With a glass of wine, and a bit of imagination, wine can take us anywhere.

Wine offers many pleasures, one of which is effortless movement. You can visit places that make the wines you love, but you can also sip yourself to where these grapes once grew, or use a mind-expanding mouthful to conjure somewhere unrelated but more appropriate to your mood. Chablis, say, need not transport you to damp and landlocked Burgundy, even if the vines flourish there, not when those stony white wines suit sun, sea and shellfish so well.

Still, I’d never been to Istria – a triangle of land across the Adriatic from the upper calf of Italy’s boot – either in vino or in veritas, until I tried a selection of wines from Pacta Connect, a Brighton-based, wine-importing couple obsessed with Central and Eastern Europe. 

The tapas restaurant Poco on Broadway Market in east London has fiercely ecological credentials – it uses lots of locally sourced and sustainably grown food and the space is a former bike shop – but this fierceness doesn’t extend to entirely virtuous wine-buying, thank goodness.

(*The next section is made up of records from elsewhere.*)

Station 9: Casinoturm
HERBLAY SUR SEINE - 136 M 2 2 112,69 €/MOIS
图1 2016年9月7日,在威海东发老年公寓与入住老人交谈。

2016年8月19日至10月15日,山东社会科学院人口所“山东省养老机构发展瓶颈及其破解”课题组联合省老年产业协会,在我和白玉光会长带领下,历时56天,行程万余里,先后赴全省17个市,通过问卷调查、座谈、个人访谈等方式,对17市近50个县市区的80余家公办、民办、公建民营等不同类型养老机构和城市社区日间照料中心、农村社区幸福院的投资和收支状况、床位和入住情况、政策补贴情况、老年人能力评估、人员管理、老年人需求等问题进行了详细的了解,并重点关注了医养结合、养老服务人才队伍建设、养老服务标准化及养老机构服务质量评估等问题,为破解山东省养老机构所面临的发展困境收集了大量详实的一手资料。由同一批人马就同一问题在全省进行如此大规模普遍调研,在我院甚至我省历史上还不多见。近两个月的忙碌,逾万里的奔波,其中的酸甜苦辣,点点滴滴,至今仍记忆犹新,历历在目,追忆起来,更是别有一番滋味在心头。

I’m all for saving the planet: waggle the eco-spear too hard, however, and I’ll be forced to drink nothing but English wine. Trying each other’s wines, like learning each other’s customs, is vital to understanding: there’s no point improving the atmosphere if we all just sit around inhaling our own CO2 at home.

The world is full of wine and it is our duty to drink variously in the name of peace and co-operation – which are not gifts that have frequently been bestowed on Istria. I have sought enlightenment from Anna, the Culinary Anthropologist. A cookery teacher and part-time Istrian, she has a house on the peninsula and a PhD in progress on its gastronomy. So now, I know that Istria is a peninsula, even if its borders are debated – a result of Croatia, Slovenia and Italy all wanting a piece of its fertile red soil and Mediterranean climate.

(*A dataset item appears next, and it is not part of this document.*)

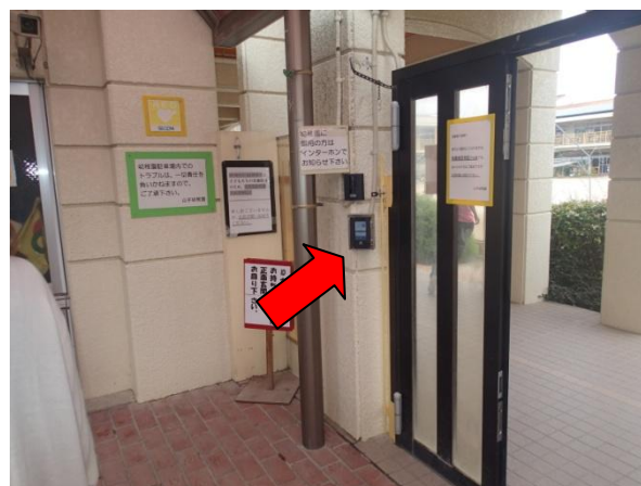
東門はチャイムの下に端末があります。 かざすと電子錠が解錠されます。

From ancient Romans to independence-seeking Croatians in the early 1990s, all sorts of people have churned up the vineyards, which hasn’t stopped the Istrians making wine; political troubles may even have added to the impetus. A strawberry-ish, slightly sparkling Slovenian rosé got on splendidly with plump Greek olives and English bean hummus, topped with pickled tarragon and thyme-like za’atar herbs from the Syrian-Lebanese mountains. A perfumed white called Sivi Pinot by the same winemaker, Miha Batič, from Slovenian Istria’s Vipava Valley, was excellent with kale in lemon juice: an unlikely meeting of the Adriatic, the Atlantic and the Mediterranean. Sivi Pinot is another name for Pinot Grigio, which seems fair enough: as long as we can raise our glasses and agree to differ, names should be no problem.

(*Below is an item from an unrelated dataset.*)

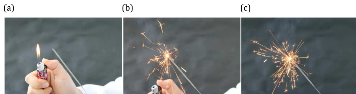
Abb 1: Die Wunderkerze vor (a), während (b) und nach dem Entzünden (c)

But sometimes we can’t. The other Slovenian winemaker on the menu, Uroš Klabjan, lives three kilometres from the Italian city of Trieste, where his Malvazija Istarska would be called Malvasia Istriana. Either way, it is fresh and slightly apricot-like, and goes dangerously well with nothing at all: I see why this is Istria’s most popular white grape. His Refošk, an intense red, is also good but there is a complicated argument over when Refošk should be called Teran. Like battles over parts of the Balkans, these wrangles seem incomprehensible to many of us, but it’s sobering to think that wine can reflect the less pleasant aspects of cross-cultural contact. Intolerance and jingoism don’t taste any better than they sound.

We finish with Gerzinić’s Yellow Muskat and rhubarb parfait: Croatian dessert wine from an ancient grape found around the world, with an English plant transformed by a French name. There’s nothing sweeter than international co-operation. Except, perhaps, armchair travel.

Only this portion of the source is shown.